#### Instructions to follow:
Given the entries below, would you transcribe exactly the lines starting at the one with "- 크롤링하고자 하는" and ending at the one with "Sonic Alert - Sonic", both kept, pictures omitted, nothing extra?

#### Supplied material:
......

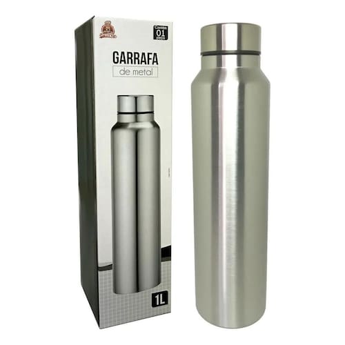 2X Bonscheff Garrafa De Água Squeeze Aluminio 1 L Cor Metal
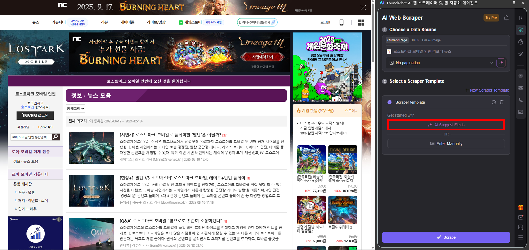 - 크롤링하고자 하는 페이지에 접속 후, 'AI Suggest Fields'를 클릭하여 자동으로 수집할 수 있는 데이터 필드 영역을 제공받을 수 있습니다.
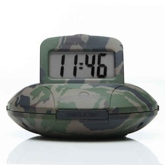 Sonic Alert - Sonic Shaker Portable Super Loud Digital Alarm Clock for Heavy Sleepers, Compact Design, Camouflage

......

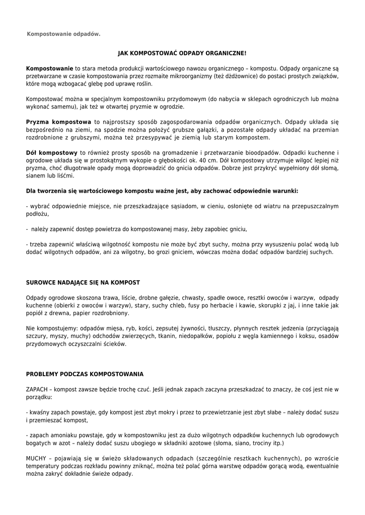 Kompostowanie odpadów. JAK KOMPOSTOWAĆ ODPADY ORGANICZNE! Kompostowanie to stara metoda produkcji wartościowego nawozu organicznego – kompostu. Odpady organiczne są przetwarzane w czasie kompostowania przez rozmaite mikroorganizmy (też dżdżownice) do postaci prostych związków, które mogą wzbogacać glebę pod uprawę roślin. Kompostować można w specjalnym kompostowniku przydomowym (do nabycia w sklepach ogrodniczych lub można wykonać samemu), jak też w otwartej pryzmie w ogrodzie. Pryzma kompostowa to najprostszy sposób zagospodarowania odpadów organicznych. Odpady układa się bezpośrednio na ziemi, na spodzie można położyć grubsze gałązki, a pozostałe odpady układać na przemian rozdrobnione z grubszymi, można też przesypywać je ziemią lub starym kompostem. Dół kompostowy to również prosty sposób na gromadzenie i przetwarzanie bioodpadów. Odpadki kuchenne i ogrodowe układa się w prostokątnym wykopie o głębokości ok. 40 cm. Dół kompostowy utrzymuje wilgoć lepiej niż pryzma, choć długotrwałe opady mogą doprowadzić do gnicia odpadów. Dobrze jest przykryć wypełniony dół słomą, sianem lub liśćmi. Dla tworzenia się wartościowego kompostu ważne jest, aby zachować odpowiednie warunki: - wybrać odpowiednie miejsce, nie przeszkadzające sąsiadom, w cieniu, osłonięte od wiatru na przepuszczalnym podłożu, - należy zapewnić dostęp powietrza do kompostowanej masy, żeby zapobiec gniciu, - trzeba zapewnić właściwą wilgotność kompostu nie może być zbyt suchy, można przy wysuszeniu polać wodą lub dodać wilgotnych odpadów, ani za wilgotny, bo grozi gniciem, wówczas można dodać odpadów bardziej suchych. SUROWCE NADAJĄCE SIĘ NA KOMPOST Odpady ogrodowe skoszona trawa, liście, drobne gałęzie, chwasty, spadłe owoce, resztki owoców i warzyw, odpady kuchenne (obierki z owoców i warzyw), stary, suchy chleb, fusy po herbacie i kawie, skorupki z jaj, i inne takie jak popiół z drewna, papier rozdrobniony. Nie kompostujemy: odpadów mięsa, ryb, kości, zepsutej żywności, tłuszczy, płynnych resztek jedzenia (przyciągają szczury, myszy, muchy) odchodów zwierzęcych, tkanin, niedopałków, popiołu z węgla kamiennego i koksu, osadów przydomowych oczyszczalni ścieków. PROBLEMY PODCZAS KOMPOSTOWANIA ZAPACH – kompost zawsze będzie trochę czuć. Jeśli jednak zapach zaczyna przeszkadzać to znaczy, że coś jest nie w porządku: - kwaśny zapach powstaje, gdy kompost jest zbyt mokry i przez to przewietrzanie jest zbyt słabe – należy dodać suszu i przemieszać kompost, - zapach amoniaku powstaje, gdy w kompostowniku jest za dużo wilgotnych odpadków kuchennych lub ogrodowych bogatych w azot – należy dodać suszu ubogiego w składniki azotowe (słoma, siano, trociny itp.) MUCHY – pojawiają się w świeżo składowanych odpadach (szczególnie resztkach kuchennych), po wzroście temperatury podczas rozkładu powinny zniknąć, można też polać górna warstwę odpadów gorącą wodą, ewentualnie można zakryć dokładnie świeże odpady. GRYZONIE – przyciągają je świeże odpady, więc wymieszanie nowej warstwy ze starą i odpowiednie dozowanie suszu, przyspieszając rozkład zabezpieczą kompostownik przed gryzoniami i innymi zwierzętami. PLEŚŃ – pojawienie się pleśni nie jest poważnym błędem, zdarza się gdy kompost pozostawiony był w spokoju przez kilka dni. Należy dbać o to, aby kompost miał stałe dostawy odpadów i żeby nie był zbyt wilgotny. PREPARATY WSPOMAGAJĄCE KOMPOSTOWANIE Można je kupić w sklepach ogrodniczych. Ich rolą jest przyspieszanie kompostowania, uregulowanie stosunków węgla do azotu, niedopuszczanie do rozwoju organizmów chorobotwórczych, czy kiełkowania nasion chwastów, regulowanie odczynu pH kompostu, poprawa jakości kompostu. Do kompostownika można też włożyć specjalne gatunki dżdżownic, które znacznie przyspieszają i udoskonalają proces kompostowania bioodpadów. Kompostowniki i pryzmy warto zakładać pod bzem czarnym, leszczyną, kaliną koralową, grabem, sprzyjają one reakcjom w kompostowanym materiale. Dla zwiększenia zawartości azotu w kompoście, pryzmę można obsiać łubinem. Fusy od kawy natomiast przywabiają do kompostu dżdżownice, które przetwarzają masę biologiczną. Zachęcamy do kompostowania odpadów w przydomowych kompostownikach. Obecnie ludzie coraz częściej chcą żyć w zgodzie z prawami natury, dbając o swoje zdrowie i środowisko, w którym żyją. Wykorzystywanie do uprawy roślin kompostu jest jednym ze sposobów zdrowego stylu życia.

......

#### Solution for this problem:
 - 크롤링하고자 하는 페이지에 접속 후, 'AI Suggest Fields'를 클릭하여 자동으로 수집할 수 있는 데이터 필드 영역을 제공받을 수 있습니다.
 Sonic Alert - Sonic Shaker Portable Super Loud Digital Alarm Clock for Heavy Sleepers, Compact Design, Camouflage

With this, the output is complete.